It was her sixth trip into her stuffy shops since the pier closed, and slowly she was making some progress. Many of the faded pictures of the pier and the beach and the local baseball teams she had sponsored were gone. The leased color television and video game tables had been returned. She took home her jukebox for fear it would be stolen.

But moving everything seemed to be too final for her. The phone and electricity are still on, the refrigerators are still brimming with food and beverages. The 17 red vinyl-topped chairs that were made from pieces of old light poles remain, as do the wood countertops that were once hatch covers before Christensen and her husband, Carl, got them from the Long Beach Naval Shipyard.

She smiled wistfully as she squirted more bug spray on the counters of Neptune’s.

In 1951, she and Carl moved to Huntington Beach from their Akron, Colo., farm because doctors had told him that the farm work would eventually kill him.
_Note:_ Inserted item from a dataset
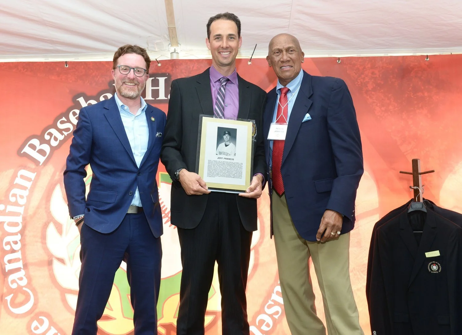 Fergie Jenkins (far right) after presenting former Colorado Rockies ace Jeff Francis (North Delta, B.C.) with his Canadian Baseball Hall of Fame jacket in St. Marys, Ont. Canadian ball hall board chair Jeremy Diamond is on the left. Photo: Canadian Baseball Hall of Fame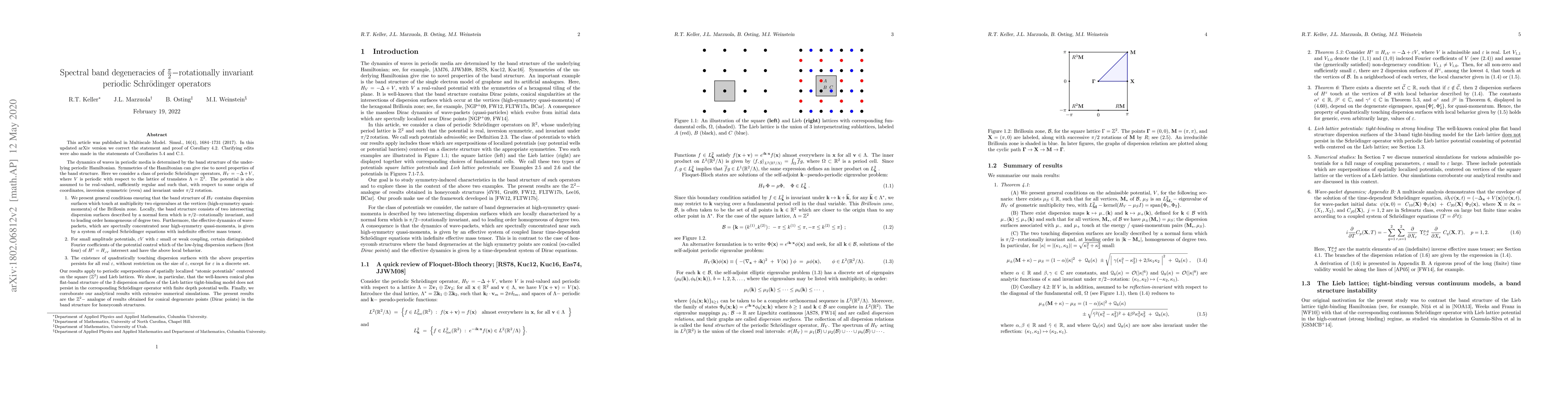 The dynamics of waves in periodic media is determined by the band structure of the underlying periodic Hamiltonian. Symmetries of the Hamiltonian can give rise to novel properties of the band structure. Here we consider a class of periodic Schr\"odinger operators, $H_V=-\Delta+V$, where $V$ is periodic with respect to the lattice of translates $\Lambda=\mathbb{Z}^2$. The potential is also assumed to be real-valued, sufficiently regular and such that, with respect to some origin of coordinates, inversion symmetric (even) and invariant under $\pi/2$ rotation. The present results are the $\mathbb{Z}^2-$ analogue of results obtained for conical degenerate points (Dirac points) in honeycomb structures. Our proofs make use of the framework developed by Fefferman-Weinstein and Fefferman-Lee-Thorp-Weinstein.

The couple opened the Tackle Box that year near the pier’s end. About 17 years later, they had opened the sandwich counter and the pub. Carl died soon after that, Christensen said, pointing him out in a picture.

“There was no other man like him,” she said softly.

Only two weeks ago, she was rising before dawn and opening up her shops by 5:45 a.m., sharing a cup of coffee with the “joggers, bike riders, strollers, ordinary people, fishermen, photographers, surfers, swimmers, leetle ones and big ones.”

She admits that she misses the daily stream of people, “especially the children. They all know about my Cookie Monster (cookie jar), and that I’ve always got a cookie for them out here.”

Loyal friends say she always had pocket change to give children trying to call their parents from the public telephones outside Neptune’s. And she has made more personal loans to down-and-out pub patrons than she ever got back.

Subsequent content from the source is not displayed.